Three miles off Miami, some of the special operations veterans got seasick.
Waves chopped at the surface. The water swelled to 5 feet.
Scientists had briefed the military divers and prepared to join them underwater. The mission?
The divers lugged crates of coral — not plants, but animals made of polyps — and cement. Roughly 30 feet down, they affixed the corals, a bit bigger than a softball, in an area where disease has devastated Florida’s reefs. The plantings took the shape of a football field.
“The reef is basically barren,” said former Navy SEAL Lt. Commander Kaj Larsen. “The coral is pale, it’s sickly, if existent at all.”
Dubbed “100 Yards of Hope,” the restoration project is one of several environmental initiatives the National Football League has organized around the Super Bowl, scheduled for Feb. 7 in Tampa.
The yearly bonanza — of seven-layer dips and $5 million commercials — is to many a celebration of excess. But NFL Green, the league’s environmental wing, tries to use the Super Bowl’s platform to encourage sustainability.
“Sports tend to attract more attention than science,” said Susan Groh, associate director of the program.
That has meant building up a sand dune, planting trees and cleaning out parks around Tampa Bay. The coral project is a continuation of work started for the 2020 Super Bowl in Miami. Some of the corals come from the Florida Aquarium.
The Florida Reef Tract is the third-largest barrier reef in the world, but it has been ravaged by disease and is threatened by the effects of warming seas and ocean acidification. The Tampa aquarium grows what scientists hope are more resilient corals. The goal is to restore the reef tract, which forms a key habitat for marine life and a natural bulwark to tropical storms.
“If we don’t have that nursery, basically you’re affecting all the ecosystems,” said Debborah Luke, senior vice president of conservation at the Florida Aquarium. Some of the first corals set in the project have already spawned, she said.
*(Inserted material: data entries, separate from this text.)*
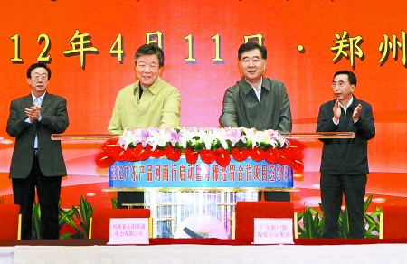 河南日?qǐng)?bào)訊 (記者平 萍 田宜龍 張建新)4月的中原大地,春暖花開(kāi),生機(jī)盎然。11日上午,2012廣東產(chǎn)品河南行啟動(dòng)暨粵豫經(jīng)貿(mào)合作項(xiàng)目簽約儀式在鄭州國(guó)際會(huì)展中心隆重舉行。率廣東省黨政代表團(tuán)來(lái)豫考察的中共中央政治局委員、廣東省委書(shū)記汪洋,省委書(shū)記、省人大常委會(huì)主任盧展工出席并共同啟動(dòng)廣東產(chǎn)品河南行活動(dòng)。廣東省委副書(shū)記、省長(zhǎng)朱小丹,省委副書(shū)記、省長(zhǎng)郭庚茂分別致辭。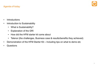 The document discusses a sustainability reporting solution developed by Centre Consulting using Oracle Hyperion Financial Management to help organizations standardize and streamline sustainability reporting processes by collecting, validating, and consolidating sustainability data in a single system, replacing spreadsheets, and improving data quality, transparency, and the focus on analysis. It provides an overview of the capabilities and features of the sustainability reporting application and demonstrates aspects of its administration, data entry, reporting, and compliance with the Global Reporting Initiative framework.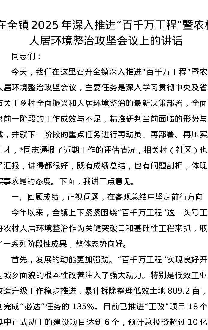 在全镇2025年深入推进“百千万工程”暨农村人居环境整治攻坚会议上的讲话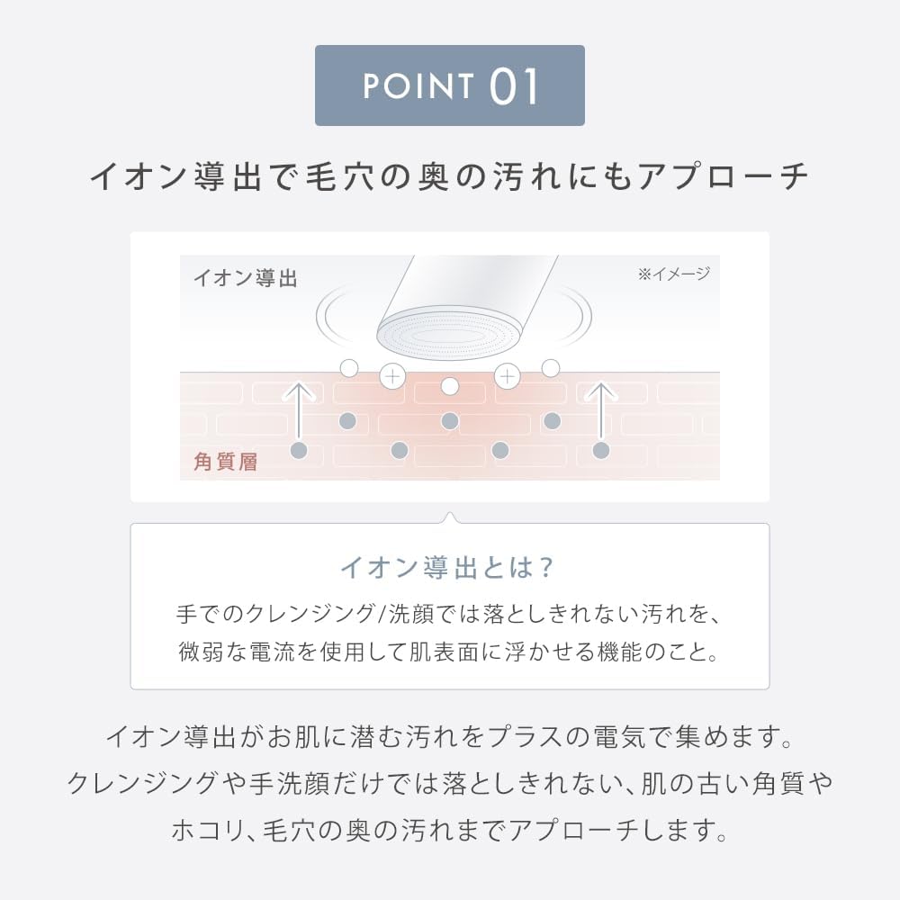 肌に微弱なプラス電流を流し、手洗顔では落としきれない毛穴の奥の汚れやメイク残りをイオンの力で浮かせて引き寄せます。汚れをかき出さず、音波振動で優しく浮かせて落とすため、手でこする洗顔よりも肌に負担をかけにくい設計です。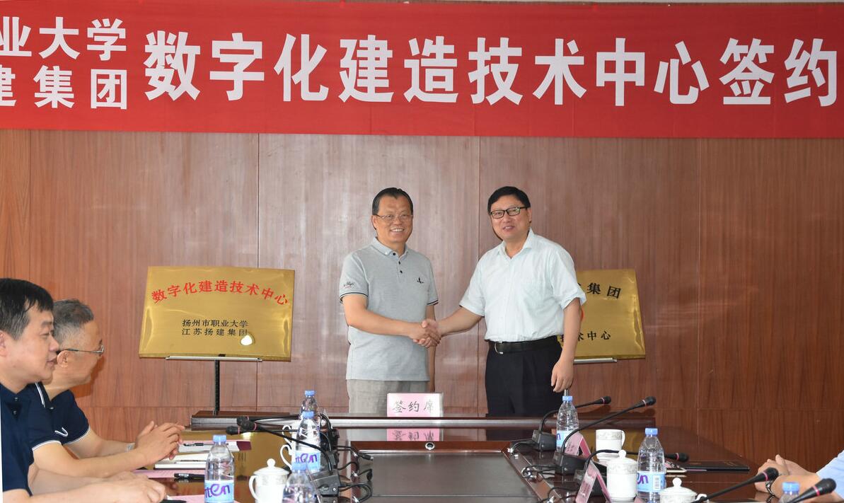 揚建網訊(人力資源部 張 凱)5月18日上午,集團與揚州職業(yè)大學共建數字化建造技術中心簽約揭牌儀式在職大崇德樓會議室舉行,標志著雙方繼2009年共建土木工程實訓中心后,推進產教融合、深化校企合作又一重要項目正式啟動。揭牌后雙方就推進項目運營進行了座談交流。揚州職大黨委書記周勝、校長吳春篤、副校長陳亞鴻、紀委書記劉建偉,集團董事長曹德榮、黨委書記康往東、總經理鄒厚存等出席相關活動。

It could take up to a year to see babies grow.
For the veteran divers, the satisfaction of the work was immediate. Larsen compared it to “shooting steel,” or the gratification of a sharp ping when his bullet struck a target on the range.
“Within seconds of that coral being cemented, actual little fish would start to come,” he said. Larsen is a journalist who has served active duty or in the reserves for much of the past two decades.
The divers come from a group called FORCE BLUE, which brings together special operations veterans to work on marine conservation, instilling a sense of purpose and collaboration after their service ends.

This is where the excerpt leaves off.